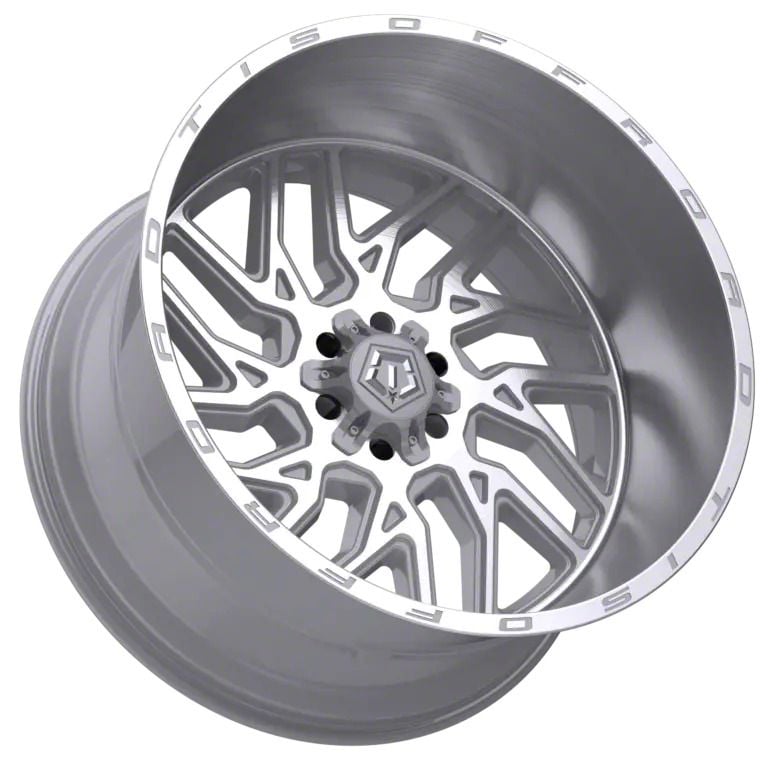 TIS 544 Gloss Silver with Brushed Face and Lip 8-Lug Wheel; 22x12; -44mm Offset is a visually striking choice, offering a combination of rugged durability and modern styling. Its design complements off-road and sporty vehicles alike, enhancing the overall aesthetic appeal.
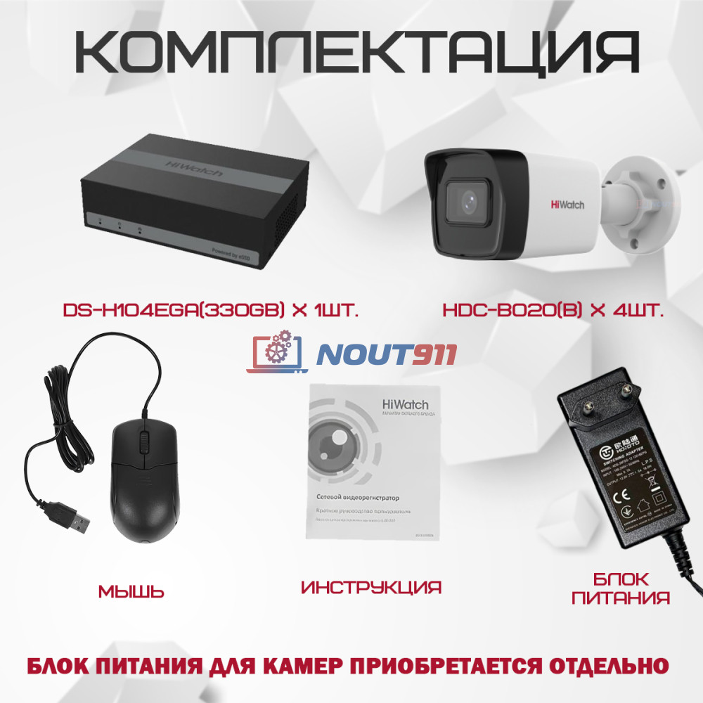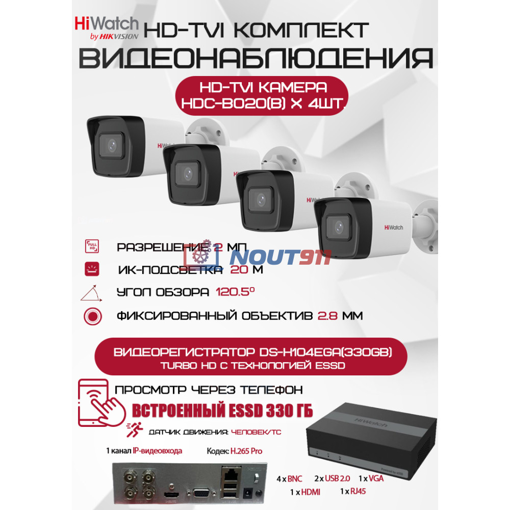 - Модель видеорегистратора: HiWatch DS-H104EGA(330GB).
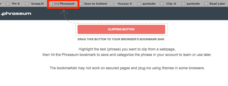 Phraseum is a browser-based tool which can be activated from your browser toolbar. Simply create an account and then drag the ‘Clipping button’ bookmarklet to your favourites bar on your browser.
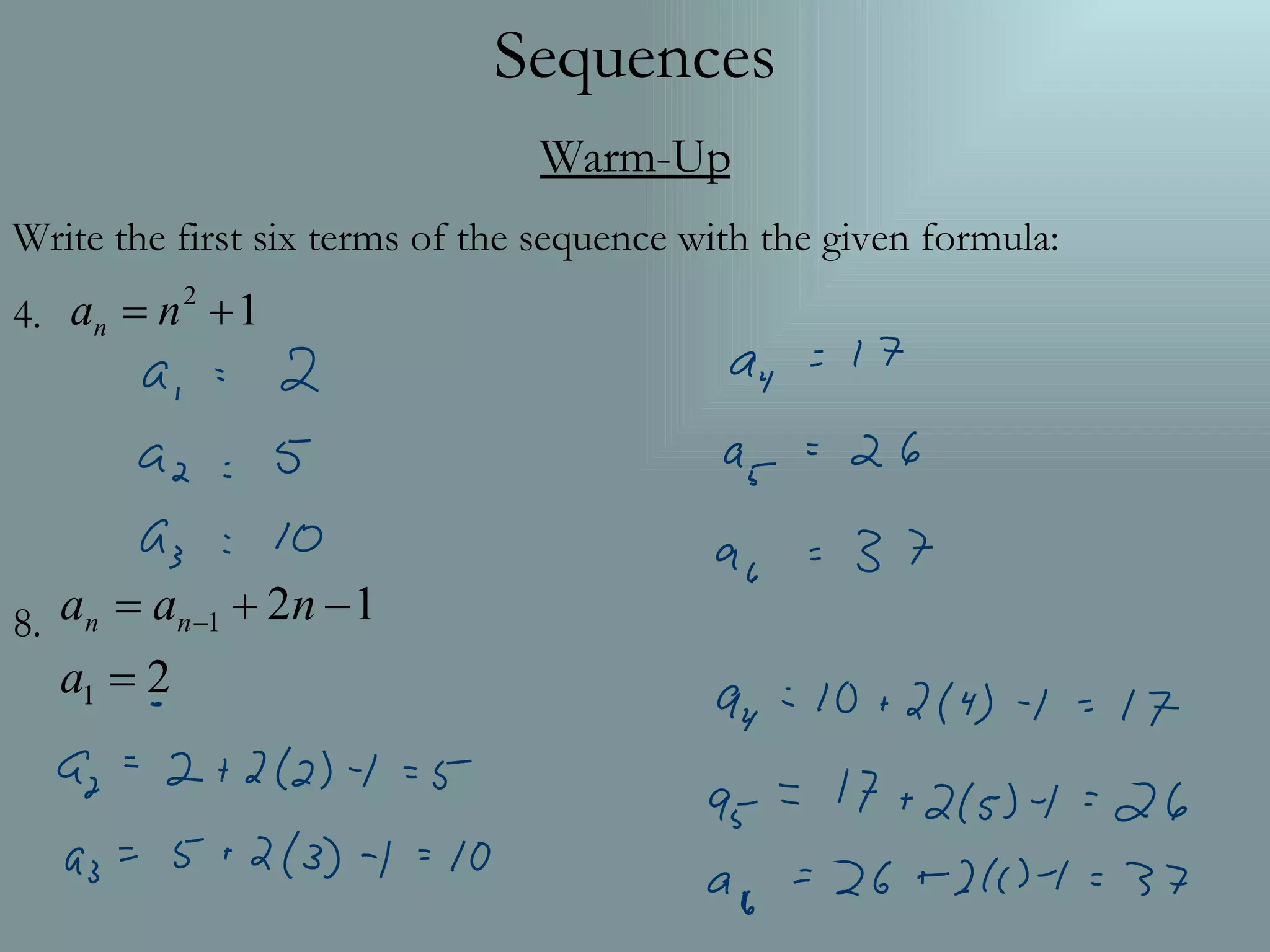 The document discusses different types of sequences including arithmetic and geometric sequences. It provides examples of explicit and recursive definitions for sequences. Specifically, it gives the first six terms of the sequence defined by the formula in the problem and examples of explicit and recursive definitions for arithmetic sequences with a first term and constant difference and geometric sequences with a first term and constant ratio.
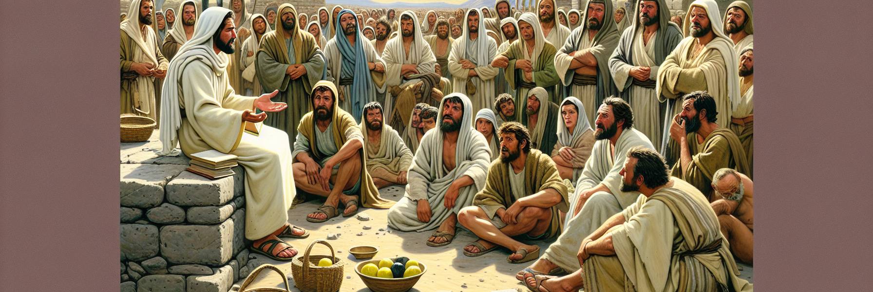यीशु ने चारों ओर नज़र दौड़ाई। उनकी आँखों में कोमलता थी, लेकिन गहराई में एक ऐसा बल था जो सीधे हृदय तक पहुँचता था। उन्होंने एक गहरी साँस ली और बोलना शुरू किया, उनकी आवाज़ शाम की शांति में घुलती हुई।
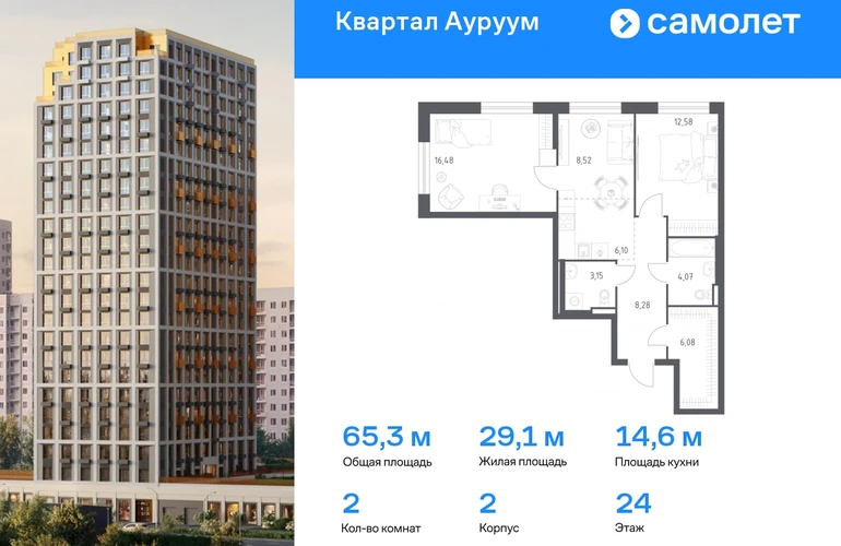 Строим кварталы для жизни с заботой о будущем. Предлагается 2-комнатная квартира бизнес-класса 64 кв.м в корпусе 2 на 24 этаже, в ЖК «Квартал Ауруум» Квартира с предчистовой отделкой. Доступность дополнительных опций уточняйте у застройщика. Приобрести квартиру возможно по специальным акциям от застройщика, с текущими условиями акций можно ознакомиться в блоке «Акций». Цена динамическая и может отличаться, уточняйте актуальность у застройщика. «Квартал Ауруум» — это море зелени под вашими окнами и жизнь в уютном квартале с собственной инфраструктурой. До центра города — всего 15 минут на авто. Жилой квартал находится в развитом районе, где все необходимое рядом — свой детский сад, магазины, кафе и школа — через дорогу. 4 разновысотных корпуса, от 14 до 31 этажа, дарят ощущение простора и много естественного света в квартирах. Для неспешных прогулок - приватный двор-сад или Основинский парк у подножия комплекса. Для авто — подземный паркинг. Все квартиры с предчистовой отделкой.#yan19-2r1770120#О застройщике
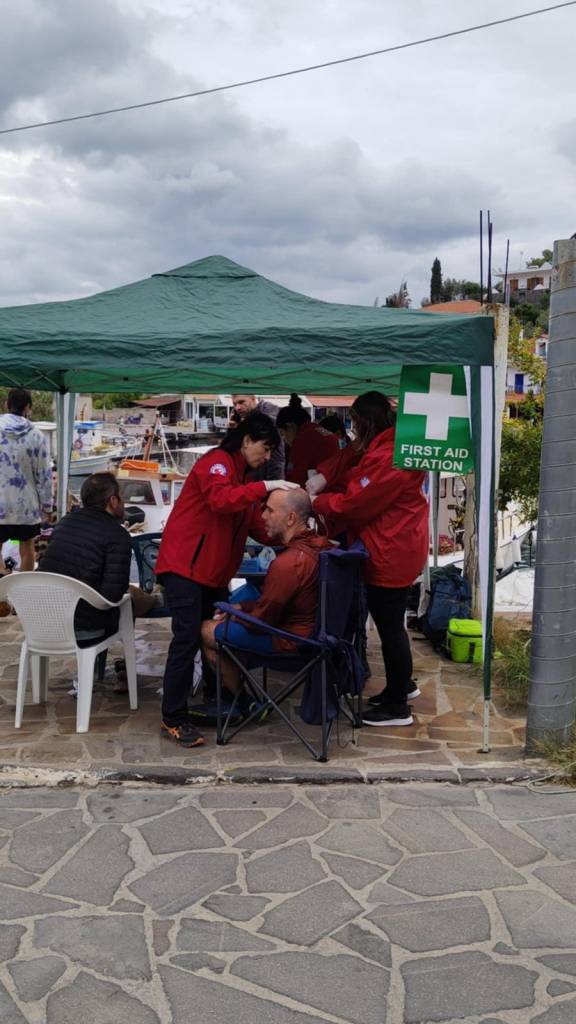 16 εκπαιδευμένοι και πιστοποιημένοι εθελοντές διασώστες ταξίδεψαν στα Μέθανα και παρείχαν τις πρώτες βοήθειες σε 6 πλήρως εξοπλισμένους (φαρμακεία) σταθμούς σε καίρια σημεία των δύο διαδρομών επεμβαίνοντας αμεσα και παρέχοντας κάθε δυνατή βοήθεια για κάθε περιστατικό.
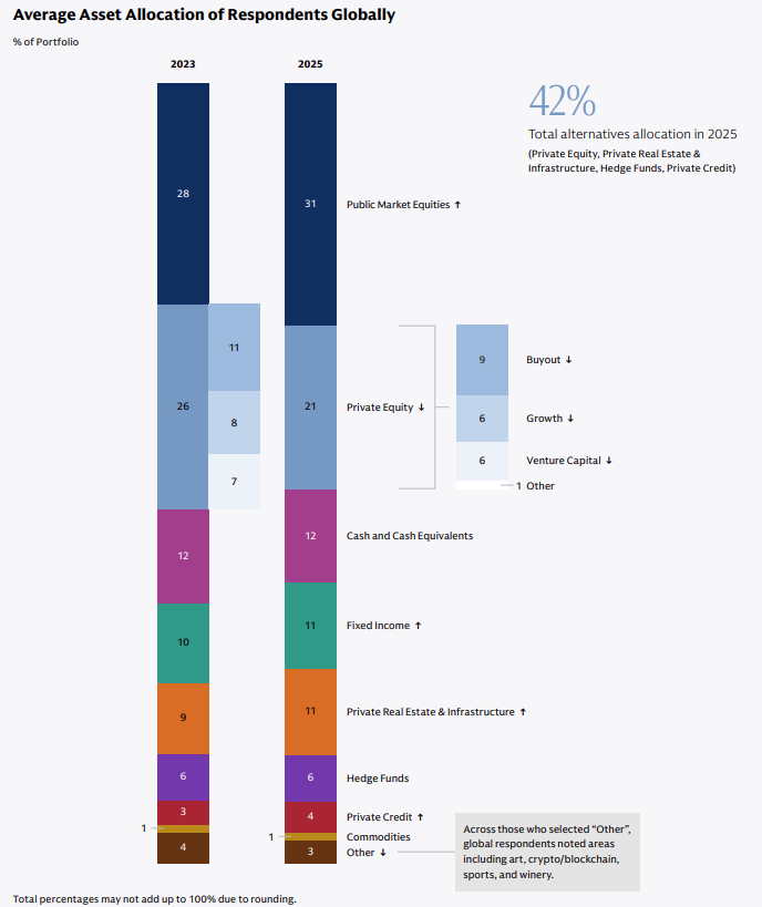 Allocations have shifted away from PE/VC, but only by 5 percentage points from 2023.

## [What you need to do]
All that is wanted is the run of lines from the start of the material through the line that holds "The document discusses", retyped exactly, with no pictures.

## [Exercise solution]
 TIS 544 Gloss Silver with Brushed Face and Lip 8-Lug Wheel; 22x12; -44mm Offset is a visually striking choice, offering a combination of rugged durability and modern styling. Its design complements off-road and sporty vehicles alike, enhancing the overall aesthetic appeal.
 - Модель видеорегистратора: HiWatch DS-H104EGA(330GB).
 Phraseum is a browser-based tool which can be activated from your browser toolbar. Simply create an account and then drag the ‘Clipping button’ bookmarklet to your favourites bar on your browser.
 The document discusses different types of sequences including arithmetic and geometric sequences. It provides examples of explicit and recursive definitions for sequences. Specifically, it gives the first six terms of the sequence defined by the formula in the problem and examples of explicit and recursive definitions for arithmetic sequences with a first term and constant difference and geometric sequences with a first term and constant ratio.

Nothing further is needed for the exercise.